▶ ASSIGNMENT:
When you reach the line containing "Ah, voici notre" in the records below, set it down exactly, together with every later line through the end, but not the pictures.

☆ ☆ ☆ ☆ ☆

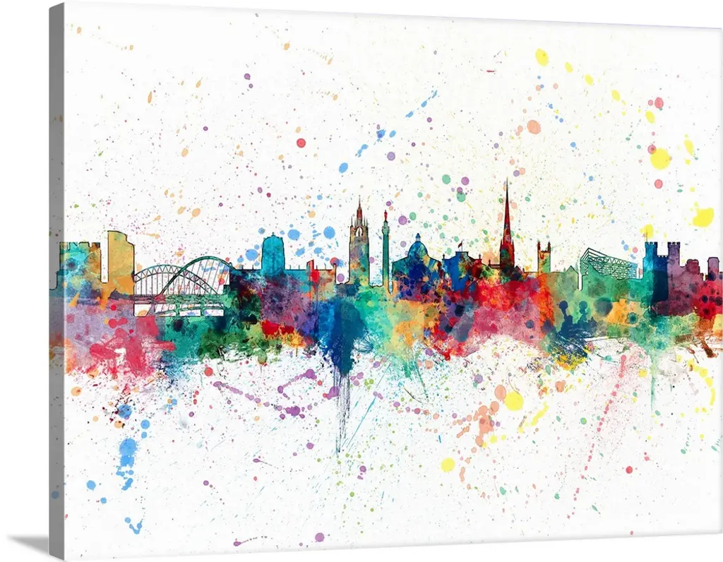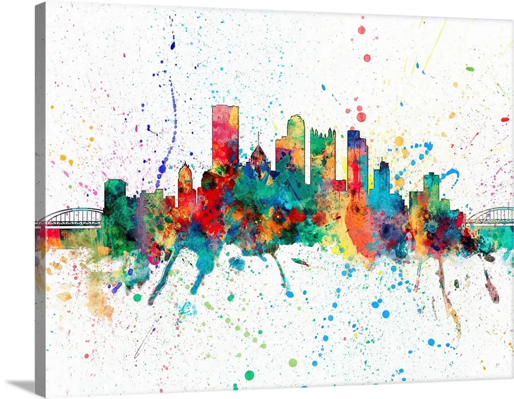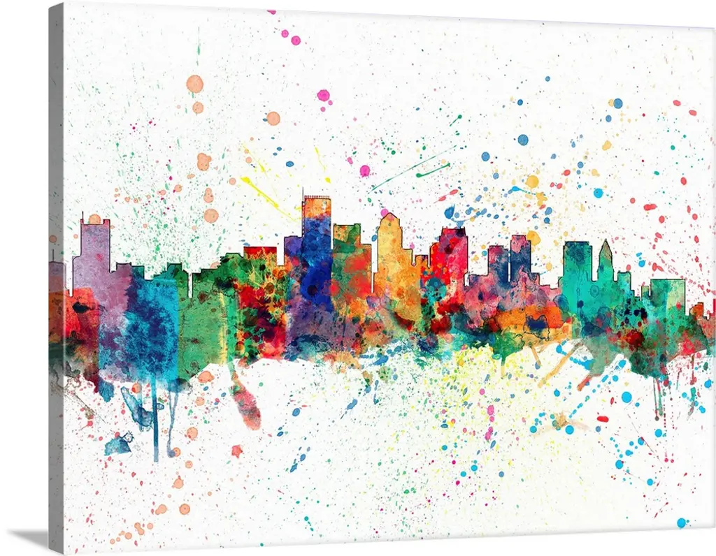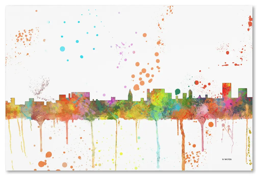 Artist: Marlene WatsonSubject: LandscapesStyle: ContemporaryProduct Type: Gallery-Wrapped Canvas ArtMade in USAThis ready to hang, gallery-wrapped art piece features a colorfully painted skyline of Cheyenne, Wyoming.Born in Scotland and now residing in Hong Kong, Marlene Watson has been painting her way through life. She paints things she notices in everyday life and brings out her positive energy through her work. Marlene has gallery showings and has also illustrated a children's book. She cares for 12 cats and works toward animal conservation and rescues with her art.Giclee (jee-clay) is an advanced printmaking process for creating high quality fine art reproductions. The attainable excellence that Giclee printmaking affords makes the reproduction virtually indistinguishable from the original piece. The result is wide acceptance of Giclee by galleries, museums, and private collectors. Gallery wrap is a method of stretching an artist's canvas so that the canvas wraps around the sides and is secured a hidden, wooden frame. This method of stretching and preparing a canvas allows for a frameless presentation of the finished painting.
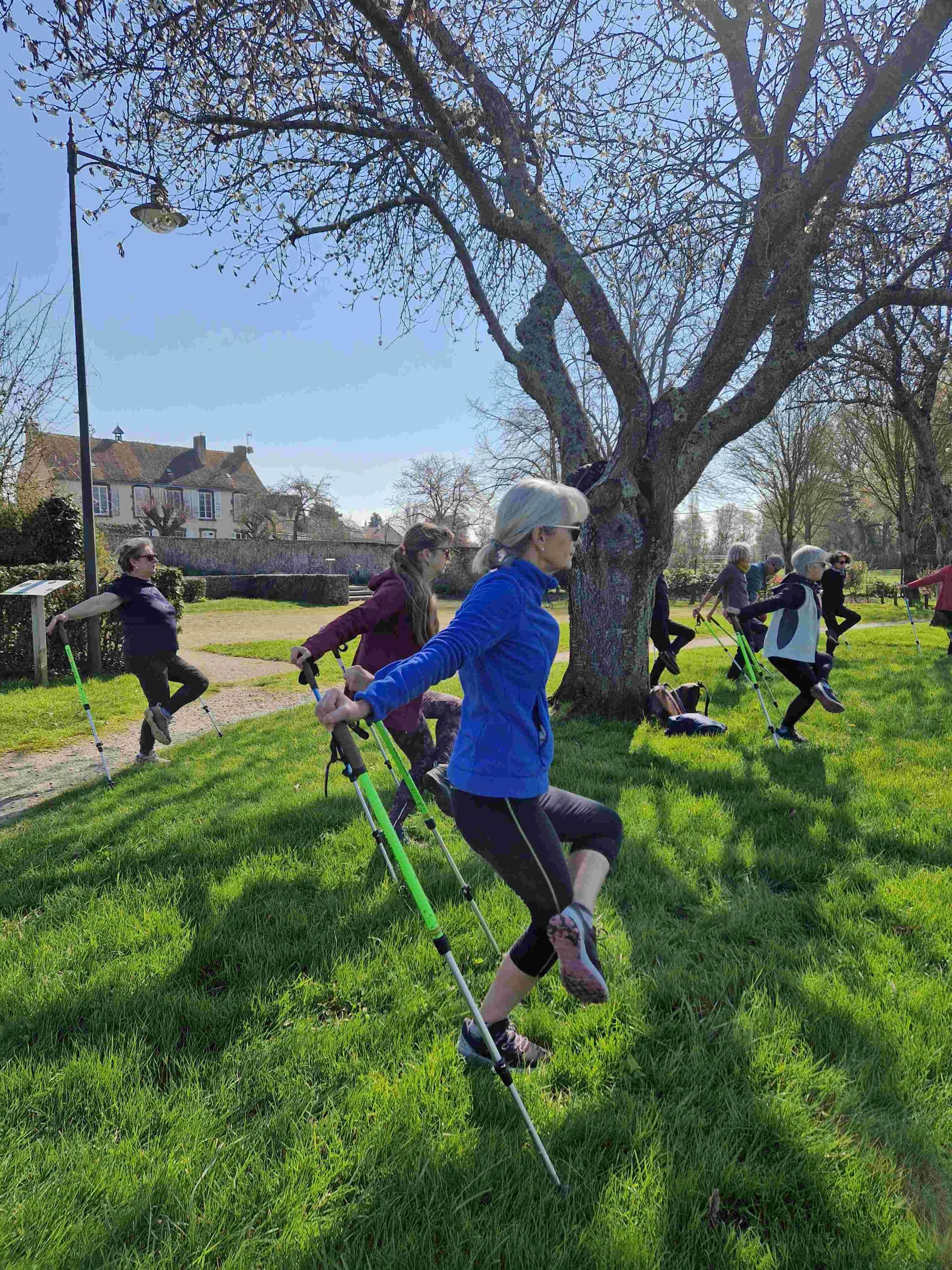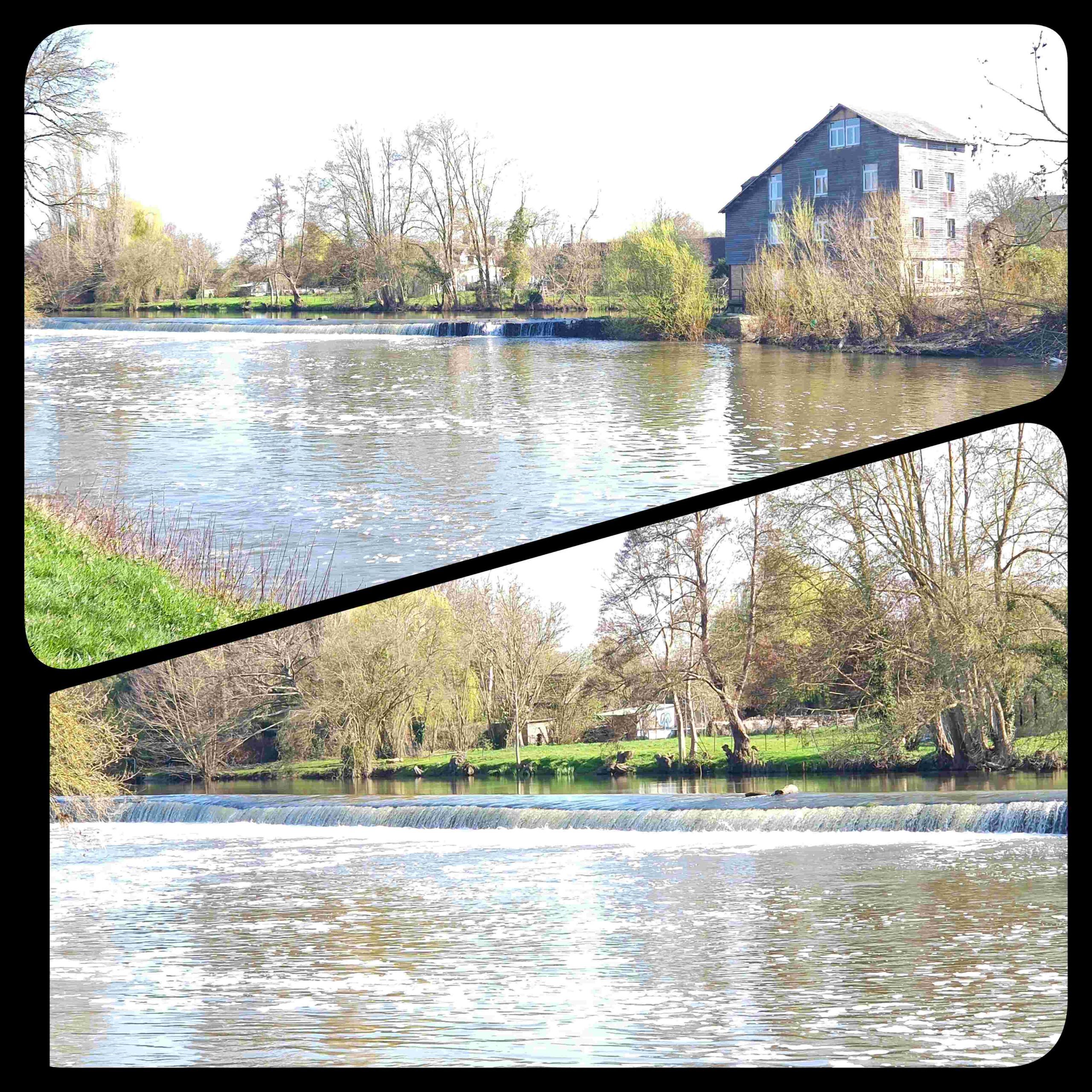 Ah, voici notre 1er arrêt pour une séance de Tabata cardio. Le cadre est magnifique sur les bords de la Sarthe près du moulin et du barrage à Montreuil. C’est parti pour des séries de petits pas en avant, en arrière, sur le côté. Et pourquoi pas des squats en demi pointe. Nous confirmons, le cardio a bien travaillé.
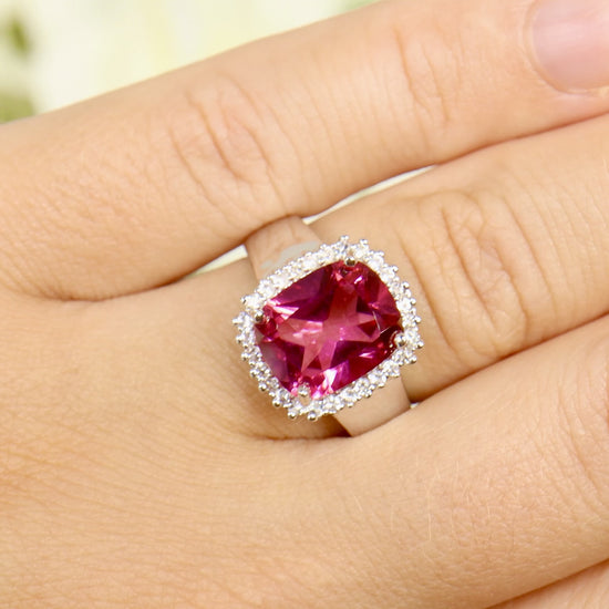 Hot Pink Topaz Ring White Topaz Halo 4.4 Carats
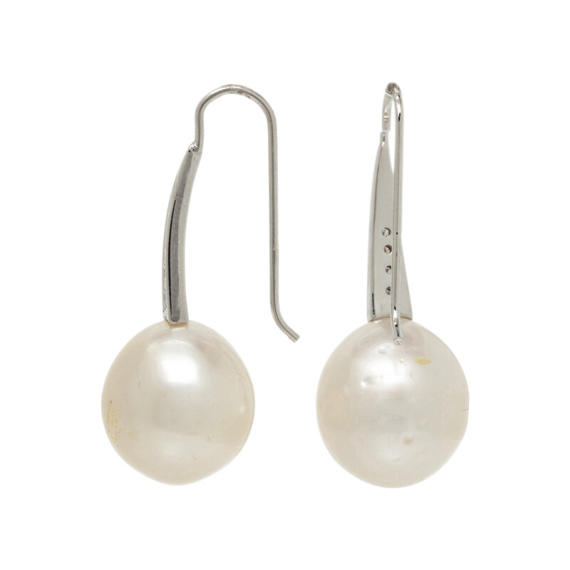 Cultured pearls measuring approximately 13.00 x 14.50 and round and single cut diamonds. 18 karat white gold. 1 3/8 inches long.
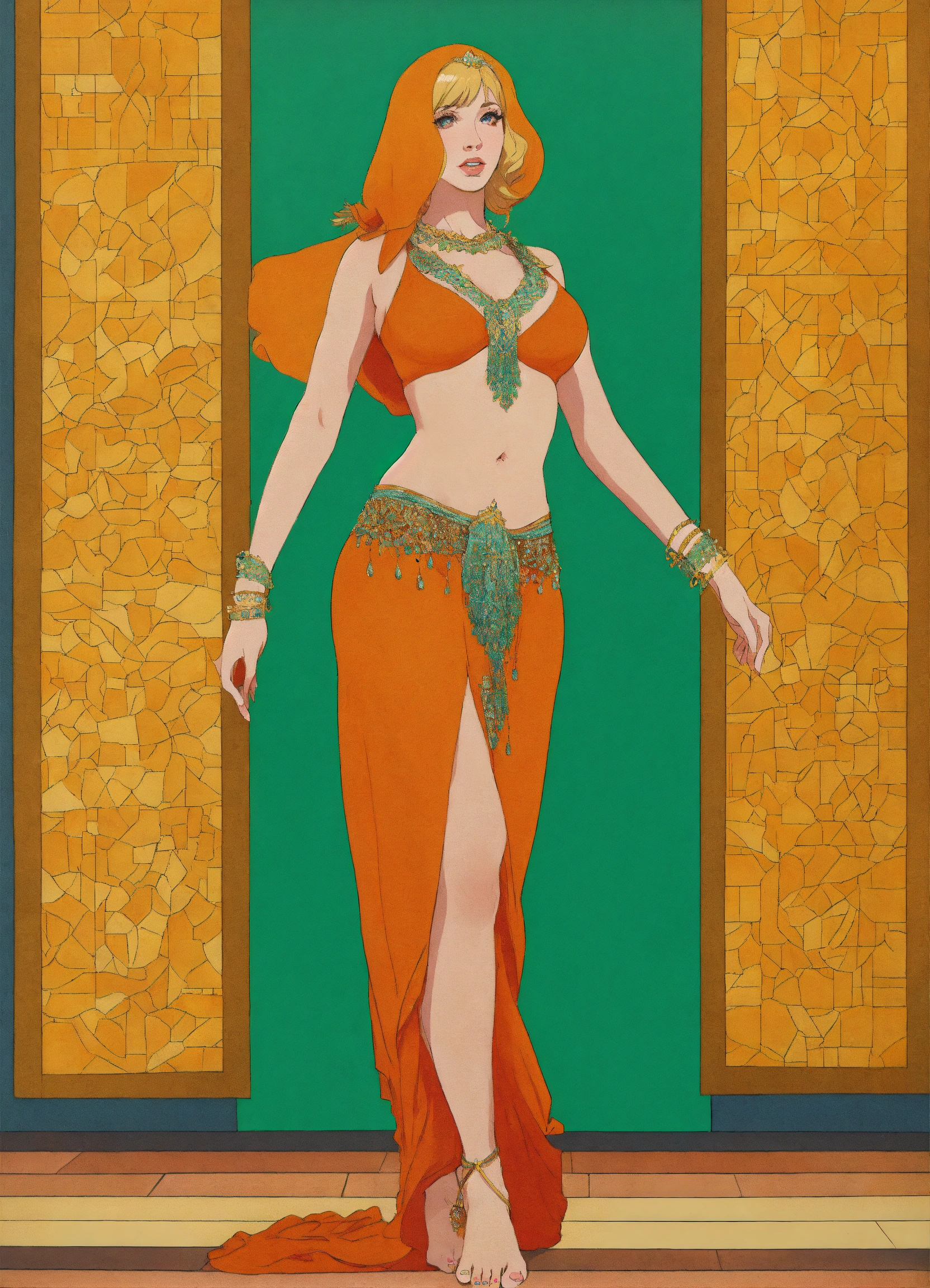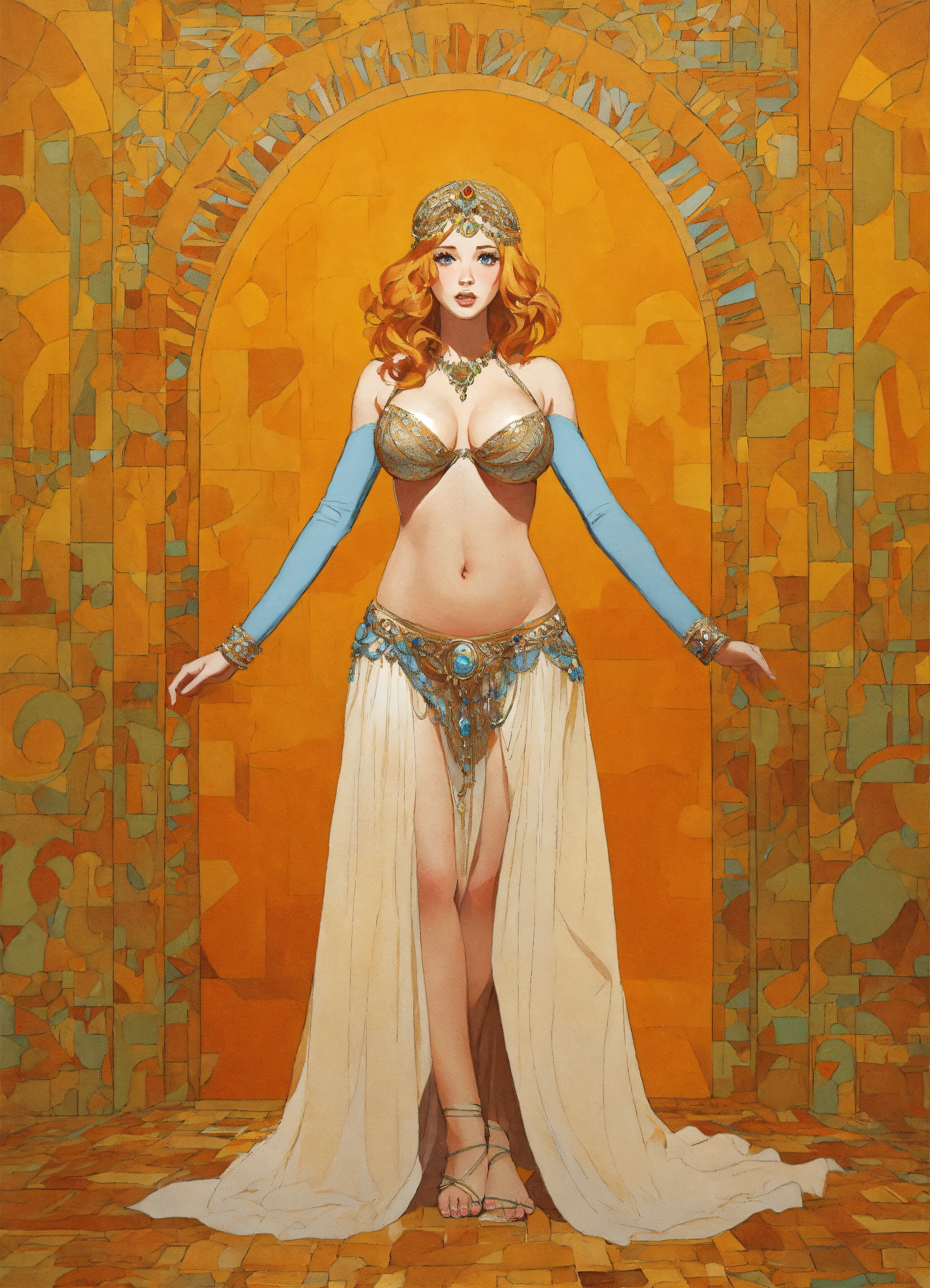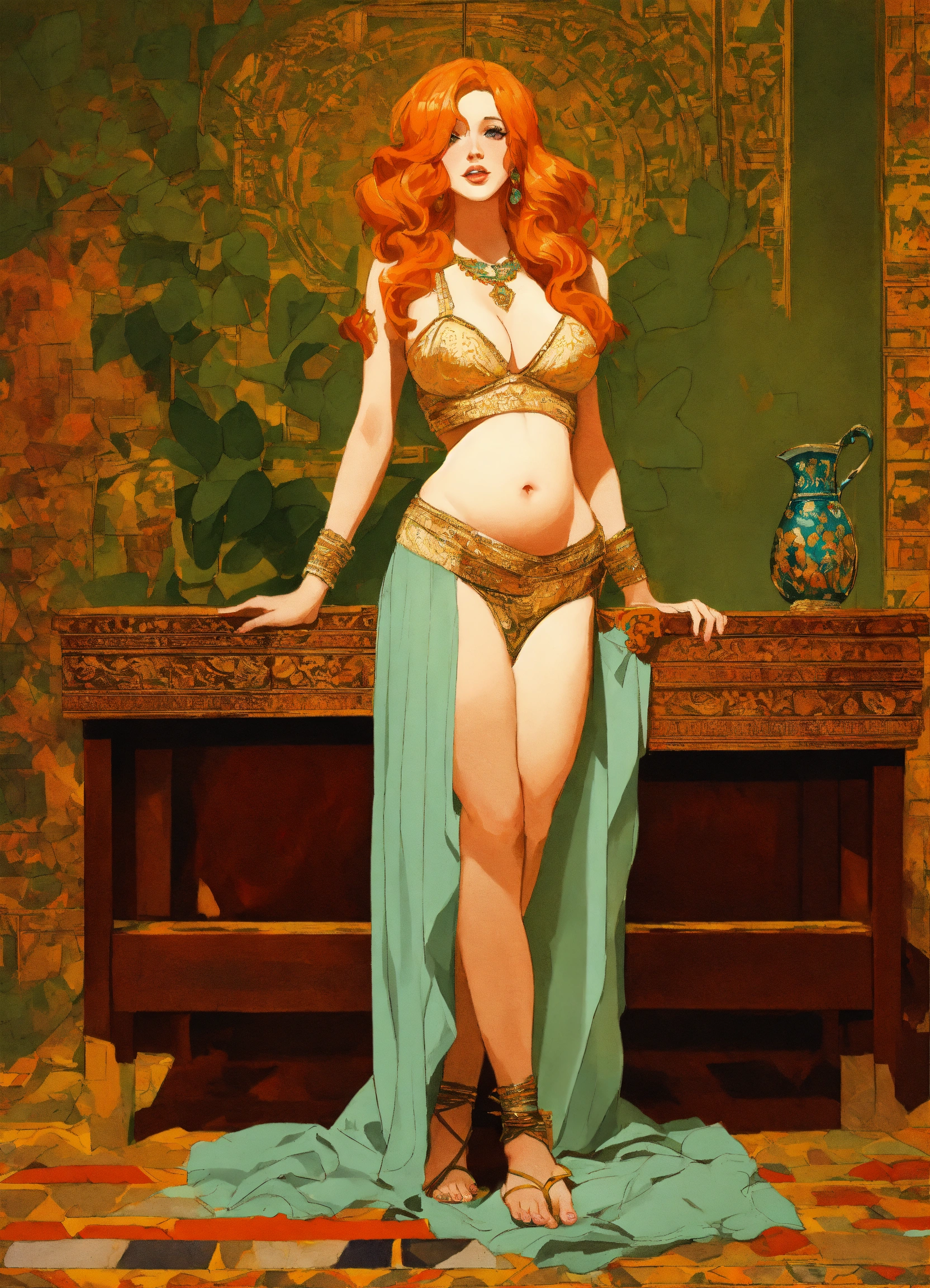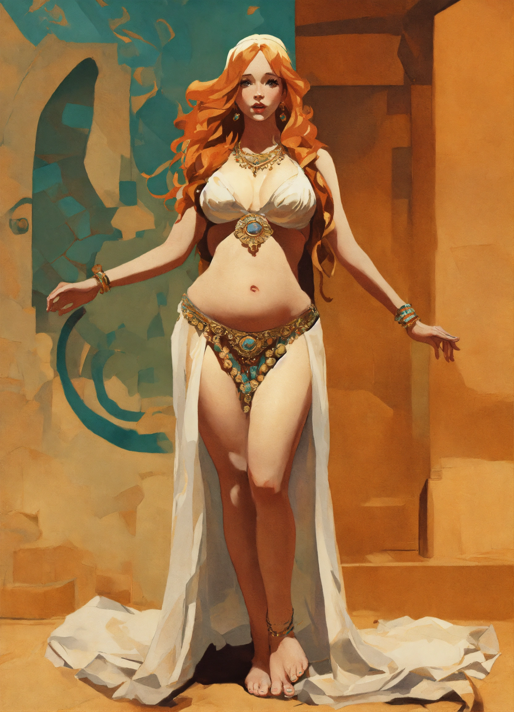 Blonde christina hendricks as steatopygic belly dancer, steatopygia, full body, 1960's fantasy book cover, paper drawing, minimalist far perspective, style by stefan kostic, barefoot, jordan grimmer, barefeet, gigantomastia, greg rutkowski

☆ ☆ ☆ ☆ ☆

▶ SOLUTION TO THIS PROBLEM:
 Ah, voici notre 1er arrêt pour une séance de Tabata cardio. Le cadre est magnifique sur les bords de la Sarthe près du moulin et du barrage à Montreuil. C’est parti pour des séries de petits pas en avant, en arrière, sur le côté. Et pourquoi pas des squats en demi pointe. Nous confirmons, le cardio a bien travaillé.
 Hot Pink Topaz Ring White Topaz Halo 4.4 Carats
 Cultured pearls measuring approximately 13.00 x 14.50 and round and single cut diamonds. 18 karat white gold. 1 3/8 inches long.
 Blonde christina hendricks as steatopygic belly dancer, steatopygia, full body, 1960's fantasy book cover, paper drawing, minimalist far perspective, style by stefan kostic, barefoot, jordan grimmer, barefeet, gigantomastia, greg rutkowski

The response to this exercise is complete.